The Coma
- First edition (US)
- Author: Alex Garland
- Language: English
- Genre: Fiction novel
- Publisher: Faber & Faber (UK) Riverhead Books (US)
- Publication date: 17 June 2004
- Publication place: United Kingdom
- Media type: Print (hardcover and paperback)
- Pages: 208 pp.
- ISBN: 978-1573222730

= The Coma =

Novel by Alex Garland

The Coma is a 2004 novel by Alex Garland, illustrated by his father, Nicholas Garland. It explores the boundary between the conscious and subconscious mind.

==Plot summary==
While traveling home on an underground train, Carl defends a young girl from the harassment of a group of men. Carl is violently attacked and falls into a coma. When he awakes, he discovers that his seemingly normal world is very peculiar.

==Critical reception==
Scott Tobias, writing for The A.V. Club, said, "The Coma lacks the gravity of ideas, which leaves the narrative to drift along in the blinkered consciousness of a pot haze."

Tim Adams, writing for The Guardian, said, "Garland is very good at recreating the virtual worlds of the half-awake and then subtly dissolving them."

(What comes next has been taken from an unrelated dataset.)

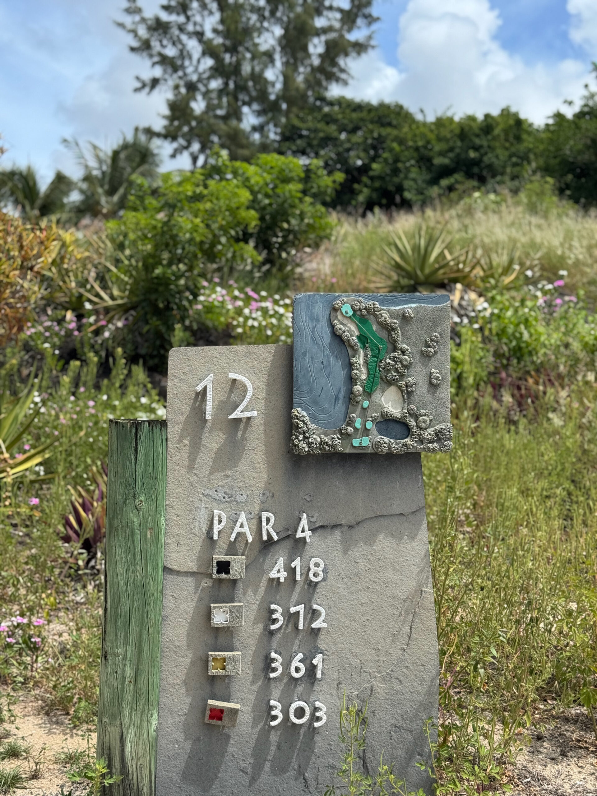 Die Lochtafeln am Île aux Cerfs sind aus Beton gegossen, mit feiner Reliefarbeit ich vermute aus Muscheln — winzige Bäume, Bunker, Schluchten. Und mittendrin sitzt türkisfarbenes Glas, das die Wasserflächen des jeweiligen Lochs zeigt.

Scott Lamb, writing for Salon, said, "The Coma is essentially a story composed of a single arc, and this formal tic may, for some, be its big weakness ... What the book lacks in plot twists, though, it makes up for in atmosphere and tone."

==Adaptations==
In 2006, The Coma was adapted into a play by Marcus Condron, alongside the theatre group We Could Be Kings. The play made heavy use of projected video content to help express the thoughts of Carl, and original music was composed by Alex Cornish.